◆ **Your goal**: Using the data below, print exactly the line with "ポポンデッタ 鉄道グッズ ポーチ付きエコバッグ 非常停止ボタン 踏切 PDG-ECO", the line with "mit eingebautem Netgear", and every line between them, but none of the pictures.

◆ **Material shown**:
● ● ● ● ● ● ●

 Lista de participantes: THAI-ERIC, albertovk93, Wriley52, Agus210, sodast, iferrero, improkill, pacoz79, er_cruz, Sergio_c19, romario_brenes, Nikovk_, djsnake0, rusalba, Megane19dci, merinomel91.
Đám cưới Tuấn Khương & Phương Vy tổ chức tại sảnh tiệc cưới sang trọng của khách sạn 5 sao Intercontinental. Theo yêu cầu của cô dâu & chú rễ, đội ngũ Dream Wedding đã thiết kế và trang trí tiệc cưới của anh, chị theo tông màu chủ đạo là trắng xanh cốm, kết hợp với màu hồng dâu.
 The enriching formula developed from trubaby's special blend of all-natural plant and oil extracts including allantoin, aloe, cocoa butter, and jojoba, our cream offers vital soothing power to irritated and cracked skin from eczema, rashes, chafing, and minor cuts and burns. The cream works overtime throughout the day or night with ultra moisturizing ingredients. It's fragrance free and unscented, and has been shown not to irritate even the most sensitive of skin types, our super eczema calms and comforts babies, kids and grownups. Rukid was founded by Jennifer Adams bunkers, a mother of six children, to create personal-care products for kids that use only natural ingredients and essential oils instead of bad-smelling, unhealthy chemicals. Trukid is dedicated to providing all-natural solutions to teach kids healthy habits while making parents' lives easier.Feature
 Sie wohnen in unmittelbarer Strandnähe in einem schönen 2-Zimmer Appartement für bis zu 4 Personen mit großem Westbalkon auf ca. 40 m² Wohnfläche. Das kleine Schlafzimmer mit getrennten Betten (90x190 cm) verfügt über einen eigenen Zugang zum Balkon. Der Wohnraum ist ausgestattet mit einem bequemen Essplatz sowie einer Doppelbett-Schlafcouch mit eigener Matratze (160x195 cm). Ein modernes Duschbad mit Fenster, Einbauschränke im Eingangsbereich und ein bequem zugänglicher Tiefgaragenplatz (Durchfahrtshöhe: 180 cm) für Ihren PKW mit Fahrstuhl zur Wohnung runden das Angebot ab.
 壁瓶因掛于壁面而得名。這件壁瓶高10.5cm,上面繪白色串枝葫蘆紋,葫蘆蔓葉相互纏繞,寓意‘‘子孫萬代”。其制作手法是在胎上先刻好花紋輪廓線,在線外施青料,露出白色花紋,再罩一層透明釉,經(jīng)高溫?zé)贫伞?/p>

● ● ● ● ● ● ●

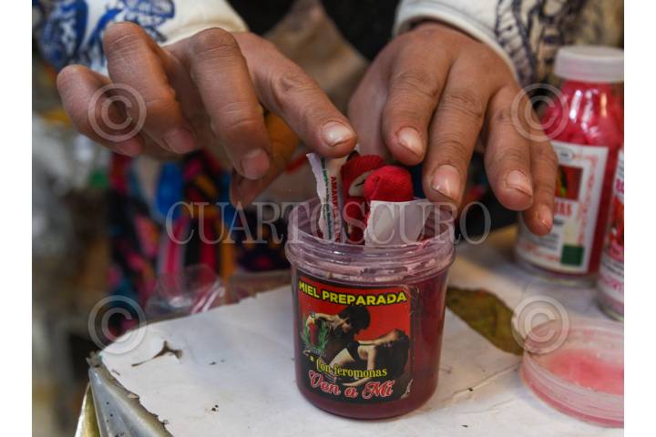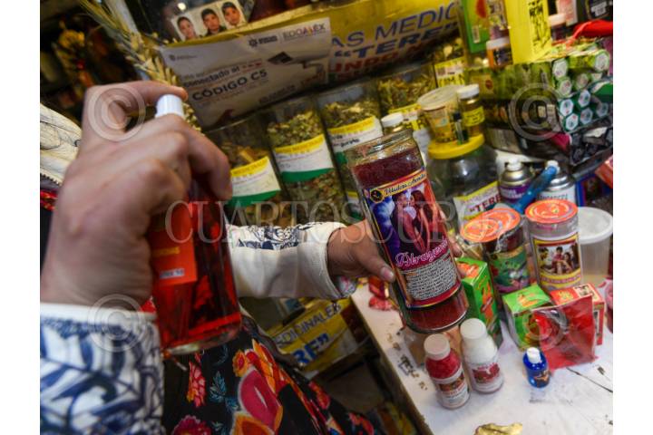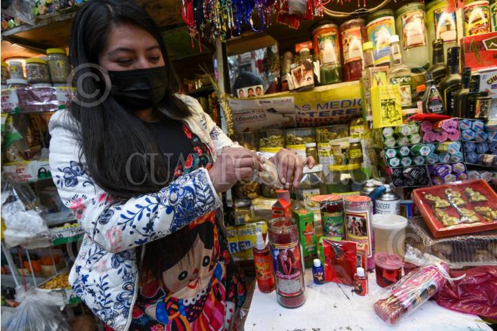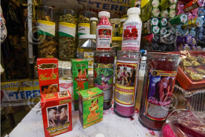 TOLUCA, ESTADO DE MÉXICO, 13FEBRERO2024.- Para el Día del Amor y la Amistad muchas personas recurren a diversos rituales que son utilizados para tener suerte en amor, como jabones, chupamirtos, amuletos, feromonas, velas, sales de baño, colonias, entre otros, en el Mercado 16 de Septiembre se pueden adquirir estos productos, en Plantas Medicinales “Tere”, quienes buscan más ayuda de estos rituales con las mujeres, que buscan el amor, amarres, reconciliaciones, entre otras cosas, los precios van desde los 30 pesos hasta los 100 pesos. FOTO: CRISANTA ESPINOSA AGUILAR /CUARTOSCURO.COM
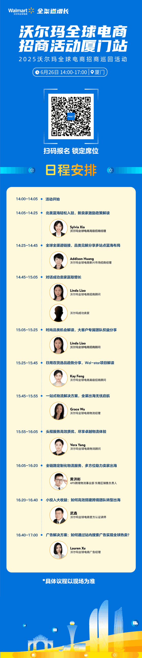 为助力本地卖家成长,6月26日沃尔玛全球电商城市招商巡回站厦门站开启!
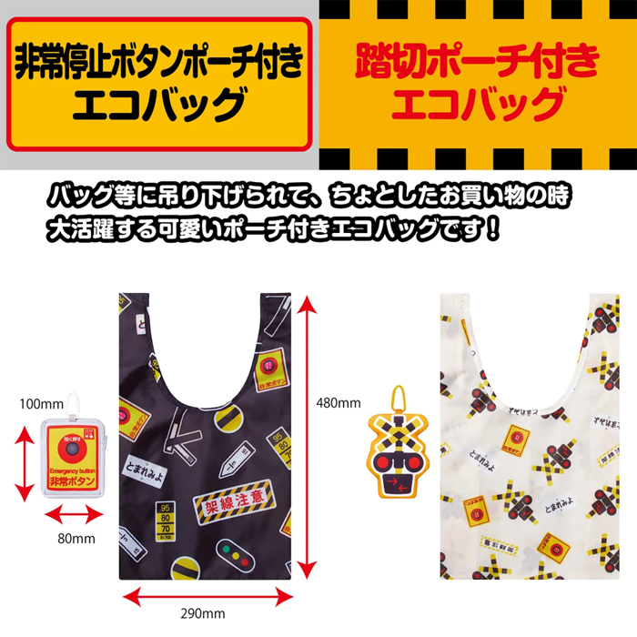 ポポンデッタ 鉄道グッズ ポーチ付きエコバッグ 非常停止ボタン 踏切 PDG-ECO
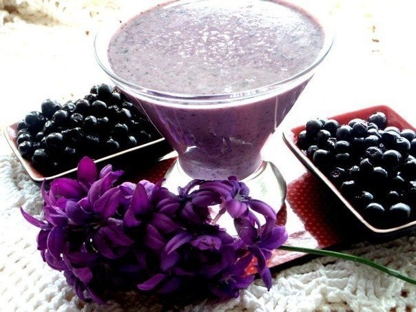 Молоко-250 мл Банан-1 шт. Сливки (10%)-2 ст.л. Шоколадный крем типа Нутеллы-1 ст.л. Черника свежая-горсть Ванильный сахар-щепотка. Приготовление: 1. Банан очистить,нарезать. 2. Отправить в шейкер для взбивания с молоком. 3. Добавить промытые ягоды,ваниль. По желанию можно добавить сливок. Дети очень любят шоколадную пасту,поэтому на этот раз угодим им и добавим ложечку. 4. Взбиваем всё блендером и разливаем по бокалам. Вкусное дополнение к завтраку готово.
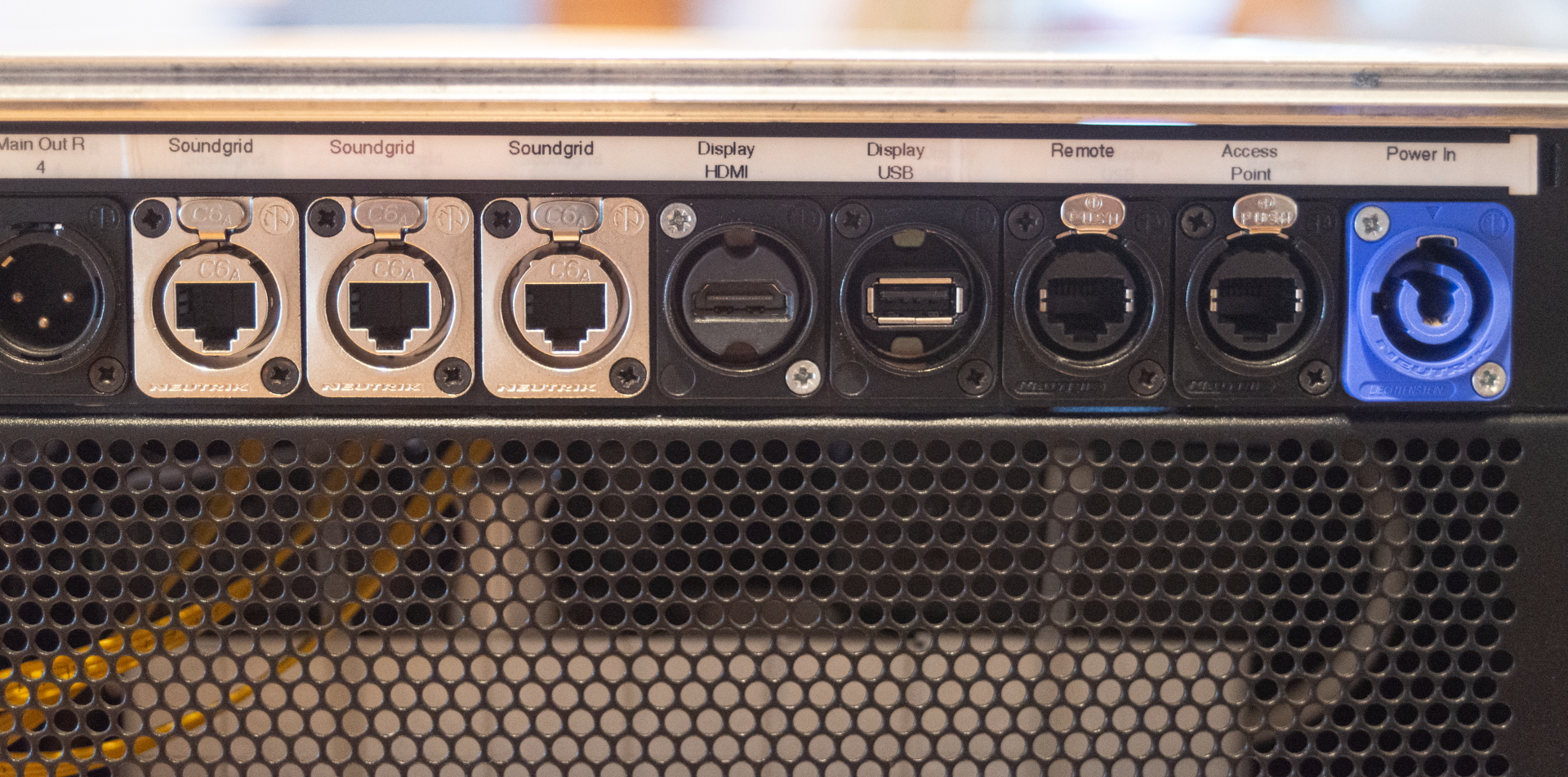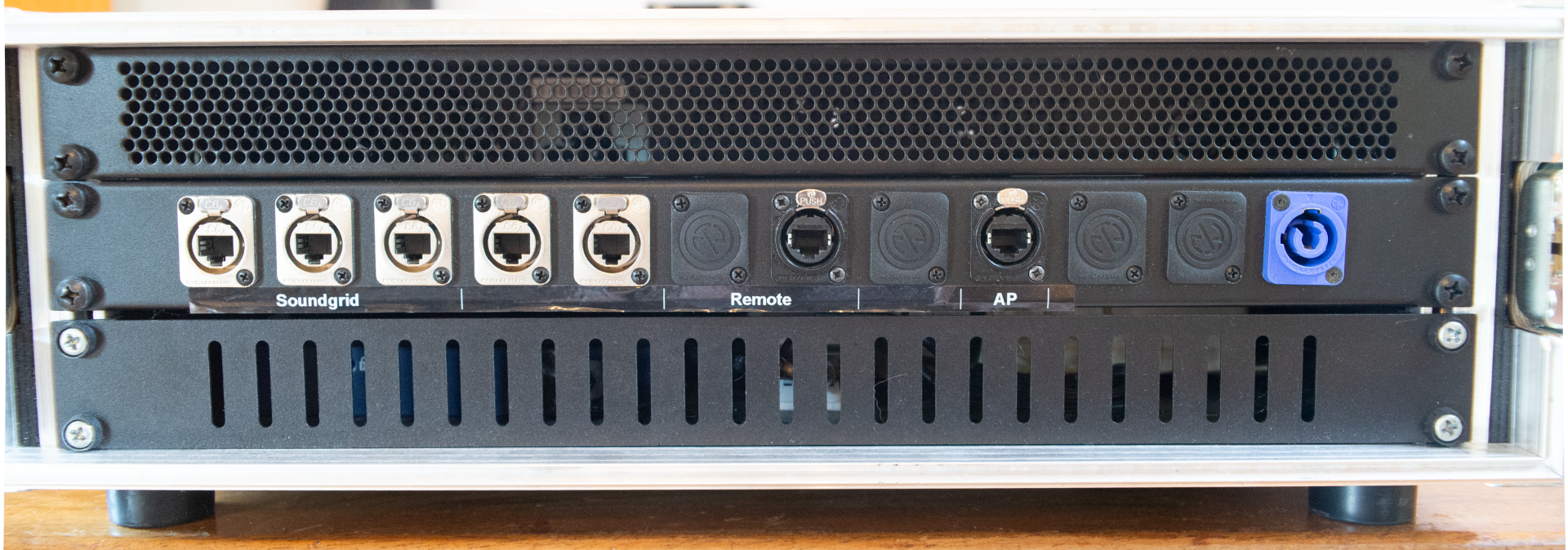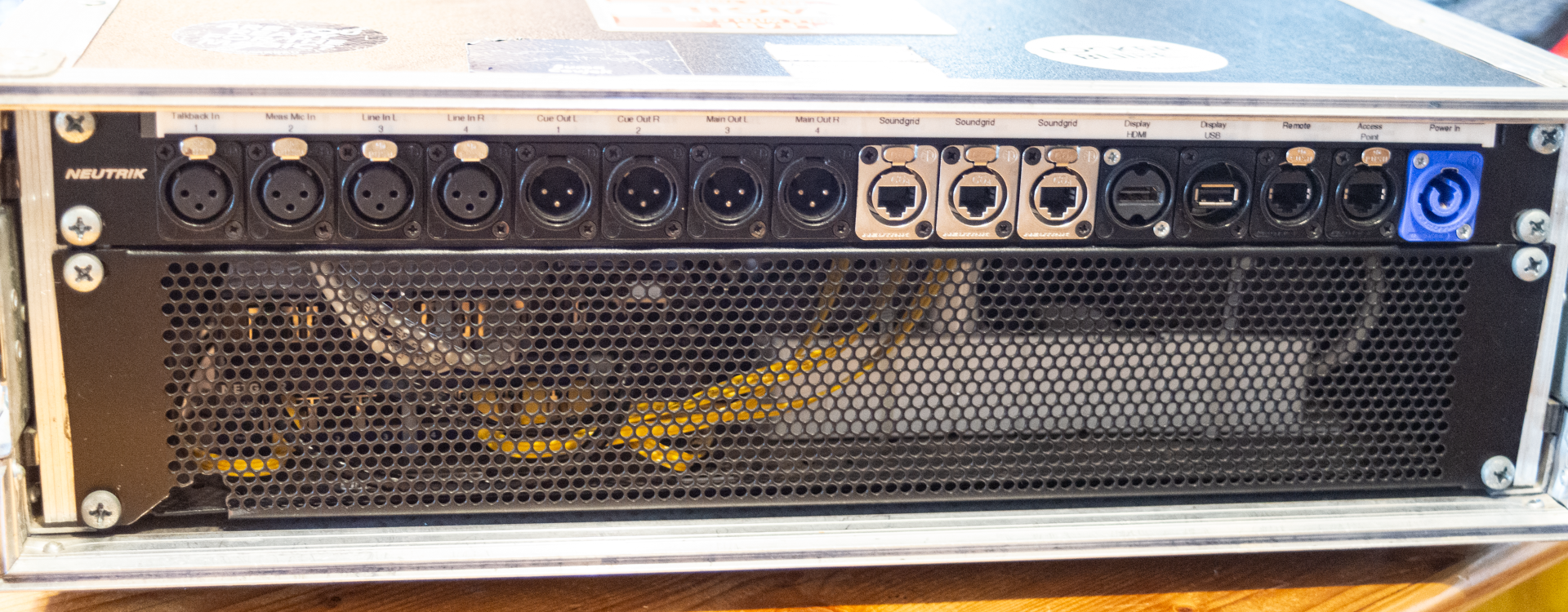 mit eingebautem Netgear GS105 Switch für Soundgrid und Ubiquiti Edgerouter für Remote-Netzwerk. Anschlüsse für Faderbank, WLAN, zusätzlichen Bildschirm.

● ● ● ● ● ● ●

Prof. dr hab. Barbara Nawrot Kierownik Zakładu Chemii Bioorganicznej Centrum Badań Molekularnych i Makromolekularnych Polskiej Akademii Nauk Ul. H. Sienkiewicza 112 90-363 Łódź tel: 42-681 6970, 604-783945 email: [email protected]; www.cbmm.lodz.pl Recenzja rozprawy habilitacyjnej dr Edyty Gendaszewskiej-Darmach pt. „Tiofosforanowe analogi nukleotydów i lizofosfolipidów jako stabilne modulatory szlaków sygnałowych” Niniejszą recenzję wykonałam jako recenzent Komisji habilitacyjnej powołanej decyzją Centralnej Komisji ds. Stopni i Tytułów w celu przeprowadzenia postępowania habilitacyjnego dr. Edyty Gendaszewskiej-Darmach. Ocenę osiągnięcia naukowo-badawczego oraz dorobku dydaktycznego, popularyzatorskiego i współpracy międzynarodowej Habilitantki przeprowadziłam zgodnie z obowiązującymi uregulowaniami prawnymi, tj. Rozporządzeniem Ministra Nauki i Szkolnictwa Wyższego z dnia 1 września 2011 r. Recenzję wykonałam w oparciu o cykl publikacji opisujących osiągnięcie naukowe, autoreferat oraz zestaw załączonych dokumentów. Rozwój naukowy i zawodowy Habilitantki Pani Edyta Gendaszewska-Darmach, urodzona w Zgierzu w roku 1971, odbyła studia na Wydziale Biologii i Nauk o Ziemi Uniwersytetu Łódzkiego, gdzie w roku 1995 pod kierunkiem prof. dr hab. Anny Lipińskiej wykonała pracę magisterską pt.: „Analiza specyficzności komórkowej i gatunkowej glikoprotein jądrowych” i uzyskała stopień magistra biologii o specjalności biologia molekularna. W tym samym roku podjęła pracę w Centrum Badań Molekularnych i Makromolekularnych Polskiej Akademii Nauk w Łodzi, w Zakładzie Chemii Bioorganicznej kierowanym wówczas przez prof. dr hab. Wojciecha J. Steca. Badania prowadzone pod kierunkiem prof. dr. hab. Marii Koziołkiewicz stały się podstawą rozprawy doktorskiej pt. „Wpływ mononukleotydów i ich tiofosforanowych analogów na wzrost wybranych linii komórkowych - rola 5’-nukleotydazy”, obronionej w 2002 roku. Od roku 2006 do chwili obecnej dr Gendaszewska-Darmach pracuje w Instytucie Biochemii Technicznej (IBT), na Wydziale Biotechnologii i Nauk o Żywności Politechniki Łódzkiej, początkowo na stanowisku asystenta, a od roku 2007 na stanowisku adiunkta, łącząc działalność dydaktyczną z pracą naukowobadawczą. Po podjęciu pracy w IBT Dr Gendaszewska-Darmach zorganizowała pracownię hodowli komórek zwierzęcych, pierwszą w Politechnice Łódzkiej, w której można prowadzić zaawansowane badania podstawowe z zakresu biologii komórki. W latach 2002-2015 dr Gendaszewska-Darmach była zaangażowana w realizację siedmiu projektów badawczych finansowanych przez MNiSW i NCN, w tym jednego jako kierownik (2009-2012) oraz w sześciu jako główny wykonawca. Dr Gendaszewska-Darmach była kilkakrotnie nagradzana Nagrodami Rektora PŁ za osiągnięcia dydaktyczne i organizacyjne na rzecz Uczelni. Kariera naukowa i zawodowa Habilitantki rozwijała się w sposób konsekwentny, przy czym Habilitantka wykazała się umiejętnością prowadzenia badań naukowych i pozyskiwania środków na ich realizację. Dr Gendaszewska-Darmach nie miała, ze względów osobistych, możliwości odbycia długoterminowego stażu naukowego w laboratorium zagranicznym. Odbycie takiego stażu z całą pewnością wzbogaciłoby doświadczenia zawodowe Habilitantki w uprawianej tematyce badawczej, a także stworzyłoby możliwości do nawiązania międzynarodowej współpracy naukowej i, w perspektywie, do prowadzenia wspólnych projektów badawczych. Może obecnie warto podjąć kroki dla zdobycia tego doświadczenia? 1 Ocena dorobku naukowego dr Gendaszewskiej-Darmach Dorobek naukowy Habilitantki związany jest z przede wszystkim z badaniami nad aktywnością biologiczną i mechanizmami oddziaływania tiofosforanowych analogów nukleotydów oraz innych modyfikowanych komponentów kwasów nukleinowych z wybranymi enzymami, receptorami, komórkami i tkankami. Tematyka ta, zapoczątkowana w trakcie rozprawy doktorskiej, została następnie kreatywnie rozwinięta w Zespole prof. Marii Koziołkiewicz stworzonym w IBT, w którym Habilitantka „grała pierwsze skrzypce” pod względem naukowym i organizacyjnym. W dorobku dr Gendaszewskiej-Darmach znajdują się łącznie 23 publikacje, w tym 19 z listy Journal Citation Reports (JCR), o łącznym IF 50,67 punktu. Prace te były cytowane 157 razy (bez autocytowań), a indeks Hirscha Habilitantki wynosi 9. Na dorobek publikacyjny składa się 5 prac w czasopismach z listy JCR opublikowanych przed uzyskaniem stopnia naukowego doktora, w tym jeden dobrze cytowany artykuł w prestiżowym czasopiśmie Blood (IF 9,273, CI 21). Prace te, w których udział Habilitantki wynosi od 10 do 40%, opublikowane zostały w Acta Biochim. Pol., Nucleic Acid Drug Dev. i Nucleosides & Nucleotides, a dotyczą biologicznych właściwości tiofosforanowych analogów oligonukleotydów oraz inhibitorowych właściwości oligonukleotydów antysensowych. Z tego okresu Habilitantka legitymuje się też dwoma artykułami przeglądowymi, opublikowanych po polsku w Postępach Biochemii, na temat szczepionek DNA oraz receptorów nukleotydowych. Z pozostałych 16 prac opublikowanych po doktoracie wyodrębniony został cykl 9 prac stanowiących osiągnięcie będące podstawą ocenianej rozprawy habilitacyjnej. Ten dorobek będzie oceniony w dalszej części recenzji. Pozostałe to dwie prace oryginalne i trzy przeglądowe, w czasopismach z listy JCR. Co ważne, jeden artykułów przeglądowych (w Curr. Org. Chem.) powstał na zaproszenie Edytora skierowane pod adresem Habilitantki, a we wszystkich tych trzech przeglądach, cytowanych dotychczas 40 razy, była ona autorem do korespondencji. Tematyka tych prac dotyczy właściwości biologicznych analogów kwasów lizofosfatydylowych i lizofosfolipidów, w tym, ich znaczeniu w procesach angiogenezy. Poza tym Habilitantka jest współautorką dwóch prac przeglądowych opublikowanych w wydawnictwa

● ● ● ● ● ● ●

◆ **Task result**:
 ポポンデッタ 鉄道グッズ ポーチ付きエコバッグ 非常停止ボタン 踏切 PDG-ECO
 Молоко-250 мл Банан-1 шт. Сливки (10%)-2 ст.л. Шоколадный крем типа Нутеллы-1 ст.л. Черника свежая-горсть Ванильный сахар-щепотка. Приготовление: 1. Банан очистить,нарезать. 2. Отправить в шейкер для взбивания с молоком. 3. Добавить промытые ягоды,ваниль. По желанию можно добавить сливок. Дети очень любят шоколадную пасту,поэтому на этот раз угодим им и добавим ложечку. 4. Взбиваем всё блендером и разливаем по бокалам. Вкусное дополнение к завтраку готово.
 mit eingebautem Netgear GS105 Switch für Soundgrid und Ubiquiti Edgerouter für Remote-Netzwerk. Anschlüsse für Faderbank, WLAN, zusätzlichen Bildschirm.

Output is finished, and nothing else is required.